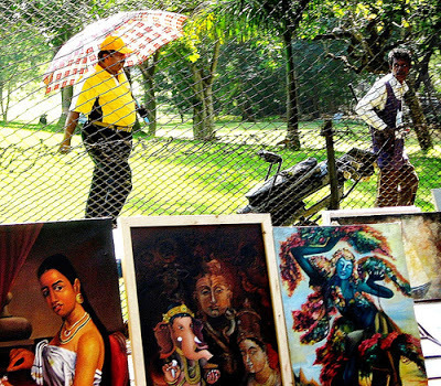Until a few years ago, the CP became the nucleus of one of the most wonderful art events in Bangalore, Chitra Santhe. This event used to be held on the last Sunday of each year. The whole of Kumara Krupa Road was closed off to vehicular traffic. Artists lined the road with stalls from which they sold their works of art. Some were professional, many were students. We bought many beautifully painted watercolours from them over the years. Sadly, this event is no longer held. I do hope that it will be re-instated as soon as possible! The picture below was taken at one of these events.
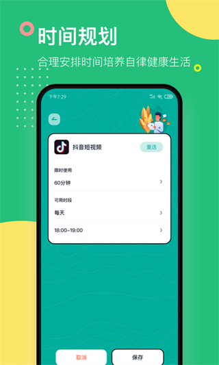 3、锁定设置:自由设定应用使用时长与时段自由,操作便捷,同时拥有智能解锁,不会阻断正常或紧急情况下应用的使用,可以放心使用。
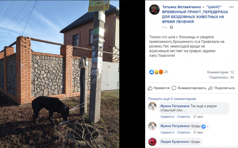 Инцидент произошел на улице Кутузова, что в Шевченковском районе Запорожья. Собака выглядит достаточно старой и не может стать на одну из задних лап. Пес привязан рядом с открытым люком и вполне может провалиться под землю.

* Instructions to follow
Transcribe the full listing exactly, but keep every image out of it.

* Written answer
Until a few years ago, the CP became the nucleus of one of the most wonderful art events in Bangalore, Chitra Santhe. This event used to be held on the last Sunday of each year. The whole of Kumara Krupa Road was closed off to vehicular traffic. Artists lined the road with stalls from which they sold their works of art. Some were professional, many were students. We bought many beautifully painted watercolours from them over the years. Sadly, this event is no longer held. I do hope that it will be re-instated as soon as possible! The picture below was taken at one of these events.
 3、锁定设置:自由设定应用使用时长与时段自由,操作便捷,同时拥有智能解锁,不会阻断正常或紧急情况下应用的使用,可以放心使用。
 Инцидент произошел на улице Кутузова, что в Шевченковском районе Запорожья. Собака выглядит достаточно старой и не может стать на одну из задних лап. Пес привязан рядом с открытым люком и вполне может провалиться под землю.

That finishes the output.